The implementation of the P1/VAFORIT system is part of the multinational iTEC (interoperability Through European Collaboration) programme of DFS and its UK and Spanish counterparts, NATS and AENA, together with Indra as their technology partner. The purpose of this programme is to improve interoperability between ATS systems of different countries. It also complies with the objectives established by the Single European Sky ATM Research Programme SESAR.
Ralph Riedle, managing director of operations at DFS, said: “The introduction of P1/VAFORIT with its trajectory-based flight data processing system is not just a step into the future. It is a quantum leap. From a technological perspective, DFS has paved the way for the route to SESAR.”

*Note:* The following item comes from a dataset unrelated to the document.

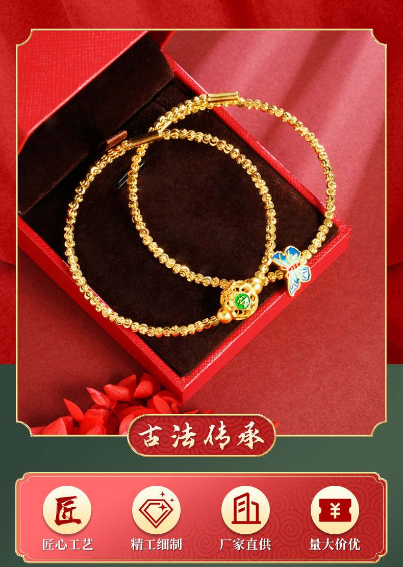 Nuevos productos de Vietnam Sha Jin pulsera de lujo ligera Ping An feliz goteo de aceite pulsera mariposa de alta calidad joyería Yiwu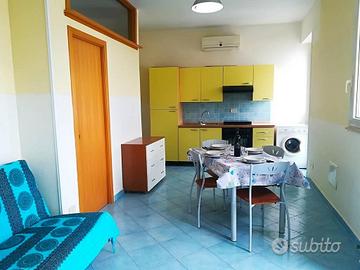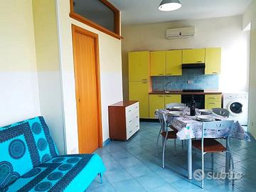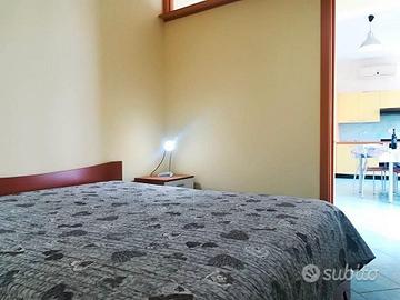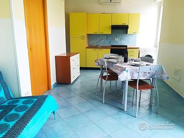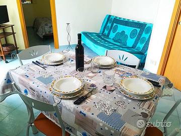 La struttura si compone di una accogliente camera da letto matrimoniale, un bagno con doccia e lavatrice, un pratico angolo cottura e un luminoso soggiorno con divano letto doppio e due porte finestre che offrono una vista mozzafiato sul mare. Con la sua capacità di 4 posti letto, questo piccolo appartamento è consigliato sia per famiglie che per piccoli gruppi di amici.

Marcial Bellido, DFS Programme Director at Indra, concurs, saying: “Karlsruhe has become a cutting-edge centre incorporating a 4D trajectory management model. With the P1/VAFORIT system that Indra developed to the standards set by DFS, the company has moved years ahead of the rest of the ATM technology companies. The new system offers more flexibility in choosing the most suitable route, which reduces flight time, fuel consumption and CO2 emissions. It will help air traffic controllers solve possible conflicts between aircraft in advance and will make flight planning more accurate, thus improving punctuality. The system will really assist DFS, as air traffic is expected to increase in the upcoming years in what is already one of the busiest areas in terms of traffic.”
“This first success is just one achievement within the cooperation agreement among DFS, AENA and NATS, which the Dutch LVNL has also recently joined, with Indra as technology partner. This agreement, the iTEC programme, seeks to achieve more interoperability among European countries and enables these countries to jointly align themselves with the SESAR goals.”

The SESAR Consortium has achieved agreement on the 2020 ATM Target Concept. Work to date suggests that it is sufficiently promising to justify continuing the SESAR Definition Phase. Further validation and development of the ConOps will take place as part of the SESAR Development Phase.
Fundamental to the entire ATM Target Concept is a ‘net-centric’ operation based on:
• A powerful information handling network for sharing data
• New air-air, ground-ground and air-ground data communications systems
• An increased reliance of airborne and ground-based automated support tools

High Density En-route/Approach ATC Target Architecture
The foundation of the ATM Target Concept is trajectory-based operations. A trajectory representing the business/mission intentions of the airspace user, which integrates ATM and airport constraints, is elaborated and agreed for each flight. This results in the trajectory that a user agrees to fly and the ANSP and airport agree to facilitate. Trajectory-based operations ensure that the airspace user flies its trajectory close to its intent in the most efficient way, minimising its environmental impact. The concept has been designed to minimise the changes to trajectories and to achieve the best outcome for all users. In that respect, user preferred routing will apply without the need to adhere to a fixed route structure in low/medium density areas.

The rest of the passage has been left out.